Но все это еще далеко впереди, а пока над порталами зданий слева и справа от улицы царит безмолвие и за пустыми цветочными ящиками и головками ангелов с отбитыми носами нет никакого движения. Холодный, пахнущий бурым углем ветер гонит снежную крупу по асфальту и порождает шуршание в макушках деревьев, в старых дубах, могучих каштанах, в выбоинах бетона и щелях стен. Где среди ветвей торчит уличный фонарь, там еще уцелела листва, и даже местами зеленая.
Темнеет на углу газетный киоск, но продавец уже открыл его, проверил новые поступления и выложил стопки свежих газет на продажу. На откидной доске перед окошком термос-кувшин, рядом с жестяной коробкой для мелочи пакет с завтраком, а на нем круглая шоколадная конфета в золоченой обертке. Позади кустарника небольшого скверика хлопнула дверца машины. Старая санитарная колымага пересекла Урбанштрассе. Внутри — темно.

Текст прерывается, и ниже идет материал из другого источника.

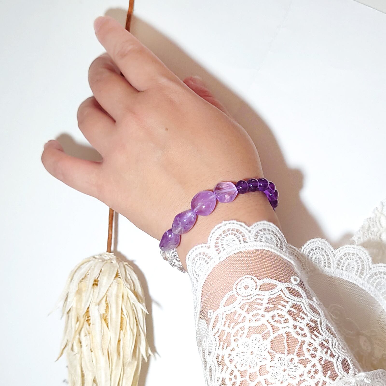 Tri/ミルキーアメジスト×水晶×アメジスト トリブレスレット
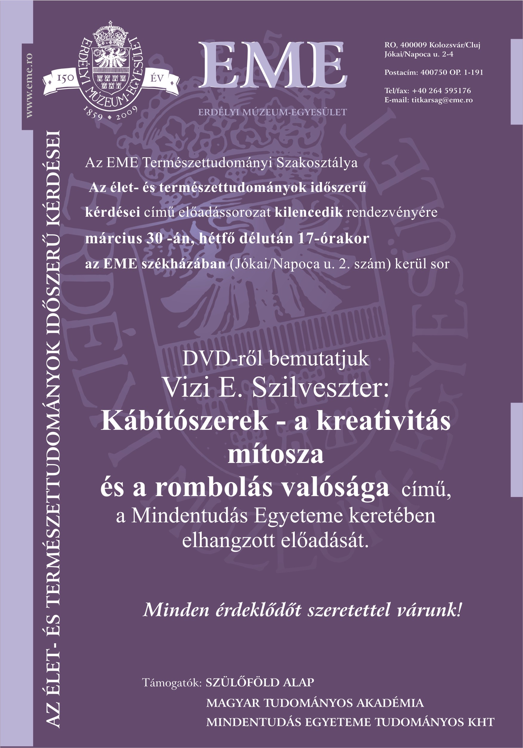 március 30-an hétfőn délutan 17-órakor az EME székházban (Jókai/Napoca u. 2. sz)
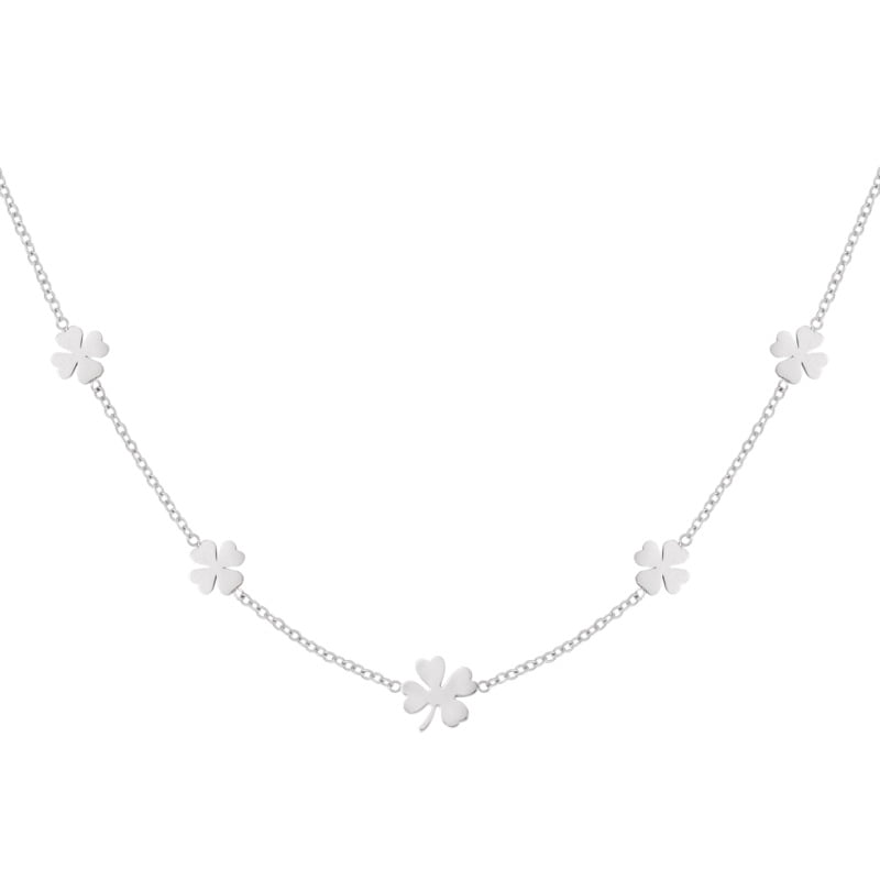Zilverkleurige stainless steel klavertjes ketting
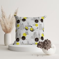 New York Desenli Suni Deri Kırlent Kılıfı - NYCCH105
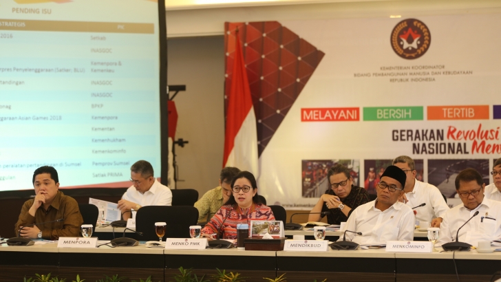 Jakarta, 20/02 – Pelaksanaan Asian Games 2018 sudah di depan mata. Menurut Menteri Koordinator Bidang Pembangunan Manusia dan Kebudayaan (Menko PMK), Puan Maharani, dalam Rapat Koordinasi (Rakor) Tingkat Menteri terkait Progress Penyelenggaraan Asian Games XVIII Tahun 2018 di Ruang Rapat Utama, Kemenko PMK, Jakarta, penyelenggaraan Asian Games 2018 tinggal 17 bulan lagi. “Diperlukan berbagai persiapan agar pelaksanaan Asian Games 2018 mencapai Sukses Persiapan, Sukses Penyelenggaraan dan Sukses Prestasi,” ujarnya.
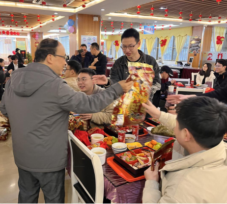 席间,学院领导与教师代表深入交流,围绕学院发展谈成绩,问计策,说规划。年夜饭上,学院领导详细了解留校员工的生活情况,并分发了学院专属的“旺旺大礼包”,对他们表示衷心感谢和美好祝福。丰盛美味的佳肴、温暖人心的祝福、催人奋进的激励让师生感受到别样温暖。
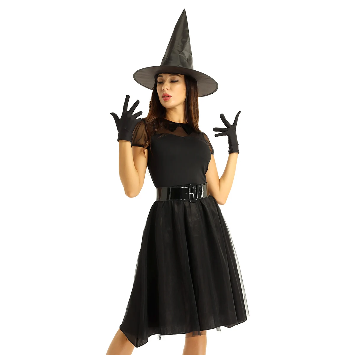 Лучший костюм злой ведьмы в паре с поясом, головной убор с острым носком и парой перчаток. Хорошая эластичная ткань, мягкая и удобная в носке.
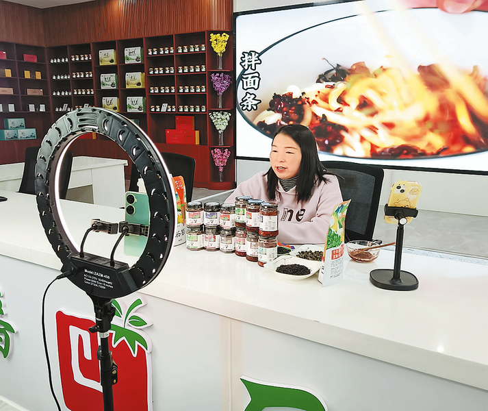 1月11日,在陕西汀味融绿色农产品开发有限公司,一场观众反响热烈的直播活动在进行中。清爽的商南茶与香浓刺激的辣椒还有莴笋干能擦出什么火花?
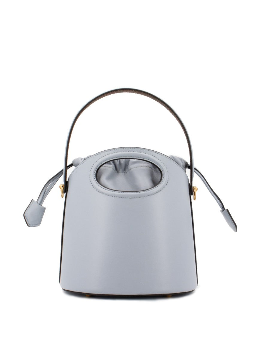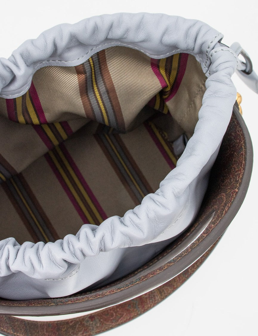 Sophisticated craftsmanship defines this blue bag, showcasing intricate paisley jacquard details. Made from genuine leather, it features a structured silhouette with a soft, gathered top and a smooth exterior that has a subtle sheen. The spacious interior is lined with striped fabric, offering versatility as it can be carried by the oval handle or worn as a shoulder bag, making it an essential accessory for any occasion.

— Праведные небеса! — восклицает мужчина и трет руки. На голове у него шапка-ушанка. — Того гляди, член отмерзнет! А еще мягкую зиму предсказывали. Чего доброго, сюда еще и ледяной ветер из Сибири пожалует. Что случилось-то? Мертвяка подобрали?
Де Лоо только с шумом выдохнул воздух. Он бросил использованную телефонную карту в мусорную корзину, покопался в карманах в поисках мелочи и попросил газету.
— Слушаюсь, господин дохтур. Какую изволите? «Тагесшпигель»?
— «BZ»[1].
— Черт побери, как можно ошибиться. Маленький экскурс в сферы высокой культуры? Конечно, конечно, на здоровье. Про девиц, между прочим, пишут на двенадцатой странице. Так что же там случилось-то? Он уже был того?
«Дохтур» пожал плечами, положил монетки рядом с пакетом с бутербродами, пробежал глазами крупные заголовки и отошел от киоска. На тротуаре валялись осколки от чашки и фарфоровая ручка, а небо над бывшим газгольдером — железный, высоко воз несшийся над городом остов купола — было черным и без звезд.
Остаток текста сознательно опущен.